Step 5 – Cutting the acrylic front

I purchased a 24 x 48 x 3/16 sheet of acrylic to cover the front of the frame. It was shipped with protective paper on both sides which I kept intact during the cutting and drilling process. Cutting is relatively easy if you use the right blade and don’t rush the process. I used an 80T blade in my table-saw and set the blade to a height of about ¾ inch. I cut the sheet to 21 ½ x 46 inches with relative ease.
Acrylic Solar Panel Cover
Plastic Drill Bit
Plastic Drill Bit Close Up

To get the mounting holes in the right position I drew lines 3/8 inch from, and parallel to, each edge and one line across the center where the panel divider sits. I then marked hole positions every 5 to 6 inches.

Drilling the holes is trickier than cutting with a saw. I used a special 3/16 inch drill bit for plastics. It’s the one on the right in the photos. It’s important that the acrylic is well clamped close to where the holes are to be drilled and that the drilling is performed at a very low drill speed. Also, it is necessary to slow the drill further just as the bit is about to break through the bottom of the material.

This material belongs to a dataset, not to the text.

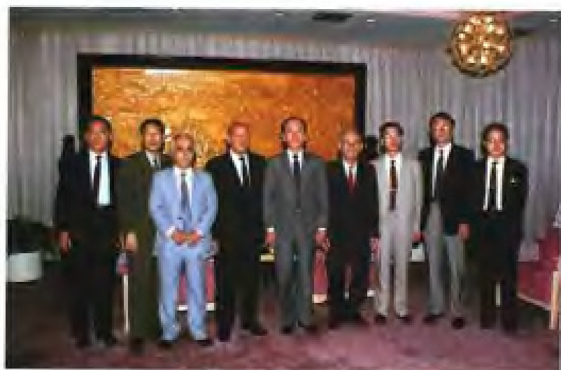
◀ 1992年6月，中共福建省委书记陈光毅会见来访的叙利亚共产党总书记尤素福·费萨尔

This is where the drill can snatch and crack the material.

To countersink the holes I used a 45 degree reamer that fitted in my drill. I lifted the protective paper so I could monitor the reaming process better. Reaming was easier than drilling with little risk of damage to the acrylic. As I reamed I would periodically drop in a screw and check for depth. Once the top of the screw was flush with the top surface I was done and moved on to the next hole.

With all the holes drilled and reamed I then placed the cover on the frame and marked the positions of the holes on the frame. Using a 1/8 inch bit I drilled pilot holes in the frame so the #8 screws would be easier to screw in without danger of splitting the wood or, worse still, slipping with the screwdriver and damaging the acrylic.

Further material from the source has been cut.